A Suffolk-based doctor has been helping hospitals in war-torn Ukraine by arranging to deliver 110 tonnes of medical supplies.

Consultant urologist Sergey Tadtayev, who works at St Edmunds Hospital in Bury St Edmunds, has identified needs in hospitals and has worked with private healthcare provider Circle Health Group to gather 10 truckloads of kit.

This includes 200 pallets of vital kit and medical supplies from across the group’s national network of 53 hospitals.

Equipment including ventilators, crutches, walking frames, respiratory masks, scrubs, bandages, wound kits and operating tables have been distributed across the eastern European country.

When supplies arrive, they are distributed to local community hospitals through a ‘hub and spoke’ system.

Volunteer hauliers from the UK, Poland and Ukraine have been making the journey on a weekly basis since March 15 to deliver urgent supplies, navigating their way through areas of conflict to reach the hospitals in Kyiv, Kharkiv, Mykoliav, Odessa and Lviv.

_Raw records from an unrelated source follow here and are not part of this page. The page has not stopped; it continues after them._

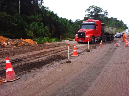 Ainda há restrição porque só foi liberada uma faixa da rodovia que está servindo para o trânsito nos dois sentidos, mesmo assim o Dnit assegura que não há retenção, no momento, na área do quilômetro 58, onde o órgão ainda está trabalhando.
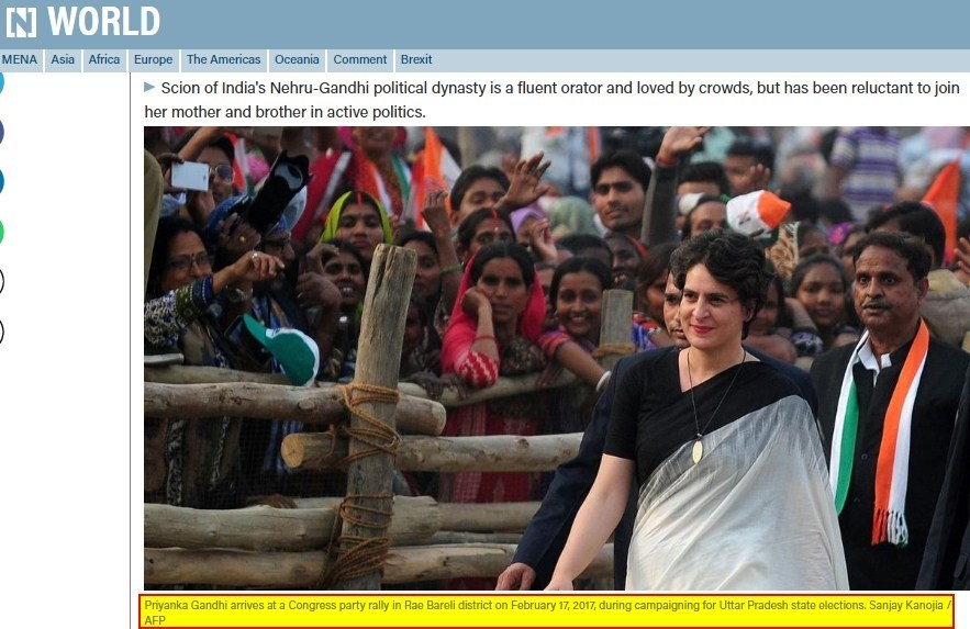 Alt News found that the image dates back to February 2017. Posted by The National, the description below the image says, “Priyanka Gandhi arrives at a Congress party rally in Rae Bareli district on February 17, 2017, during campaigning for Uttar Pradesh state elections. Sanjay Kanojia / AFP”.
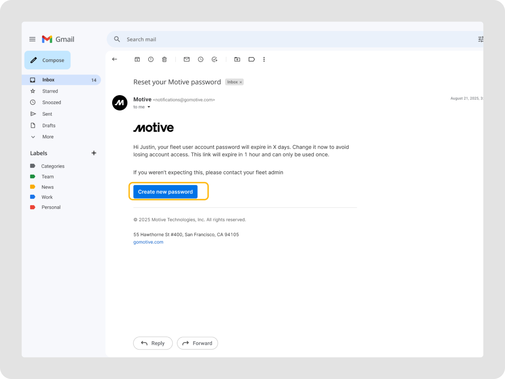 - Check your email inbox for a message from Motive with the subject line regarding your password expiration. Click the Reset Password link inside that email.
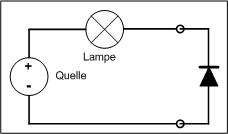 einer Glühlampe in Sperr- und Durchlassrichtung getestet, diese Diode funktionierte
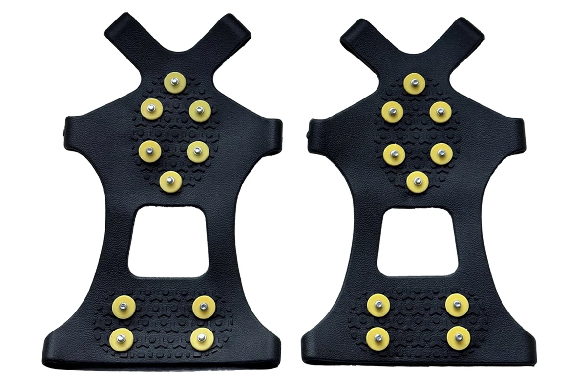 Десять стальных шипов на каждой подошве, оснащенных твердосплавными вставками, обеспечивают максимальное сцепление с льдом и устойчивость, защищая вас от падений в гололед.
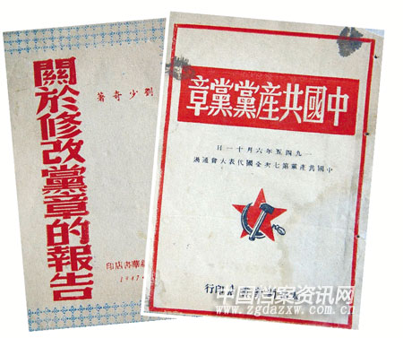 ▲劉少奇所作《關于修改黨章的報告》
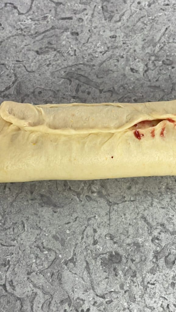 Roll up the dough along the short side and seal the roll well by pinching the seam with your fingers.
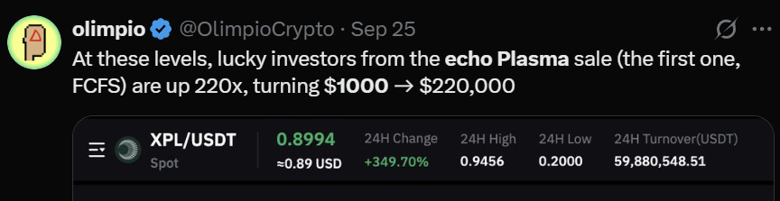 One recent example is Plasmaâs XPL sale on Echo, which certainly exceeded all expectations in terms of returns.
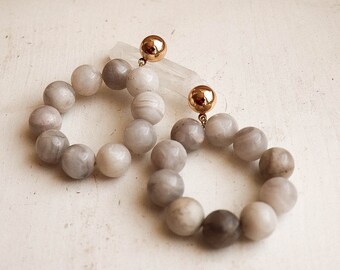 Boucles Creoles Et Pierre Naturelle Grise La Pepite By Pujol
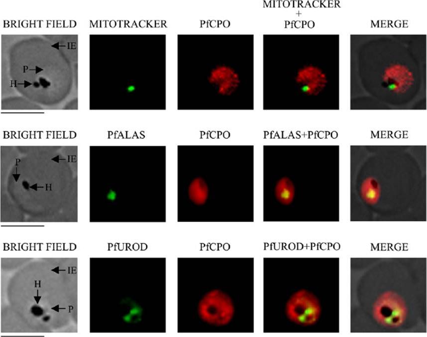 Localization of PfCPO by immunofluorescence microscopy. Localization of PfCPO with Mitotracker green (mitochondrial marker), PfALAS (mitochondrial marker) and PfUROD (apicoplast marker) was studied. IE, infected erythrocyte; P, parasite; H, hemozoin. Scale bar=5 μm. results presented in Fig. 4 indicate that the PfCPO signal was distributed throughout the parasite, but did not colocalize with that of Mitotracker dye (mitochondrial marker), PfALAS (mitochondrial marker) or PfUROD (apicoplast marker).Nagaraj VA, Prasad D, Arumugam R, Rangarajan PN, Padmanaban G. Characterization of coproporphyrinogen III oxidase in Plasmodium falciparum cytosol. Parasitol Int. 2010 59:121-127. Copyright Elsevier 2011
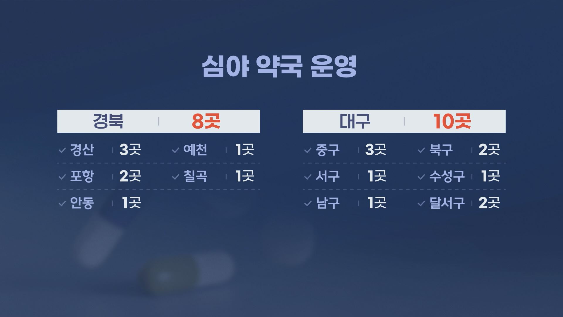 구·군 간 거리가 비교적 가까운 대구는 2013년부터 10년 넘게 심야 약국을 운영해 오고 있습니다.

The latest delivery, which departed the UK on April 13, arrived at Kharkiv hospitals on Easter Sunday, containing £185,500 of medical equipment loaded on 35 pallets, including five ventilators, an operating table, patient monitors, suction tubing and chest drainage sets and sterile gowns.

Dr Tadtayev said: “My heart breaks for my fellow doctors back home who are fighting heroically to care for the sick and wounded – even as the bombs continue to fall.

“Hospitals are struggling to get basic supplies because transport and manufacturing have been so badly disrupted, so I knew I had to do something to help.

“Moving 110 tonnes of medical supplies between hospitals separated by thousands of miles and several borders has been an incredible team effort and I have been overwhelmed by the generosity of my colleagues at Circle Health Group.

“They are moving heaven and earth to get help to those who really need it on the frontline and I am humbled by the solidarity and support for my homeland.”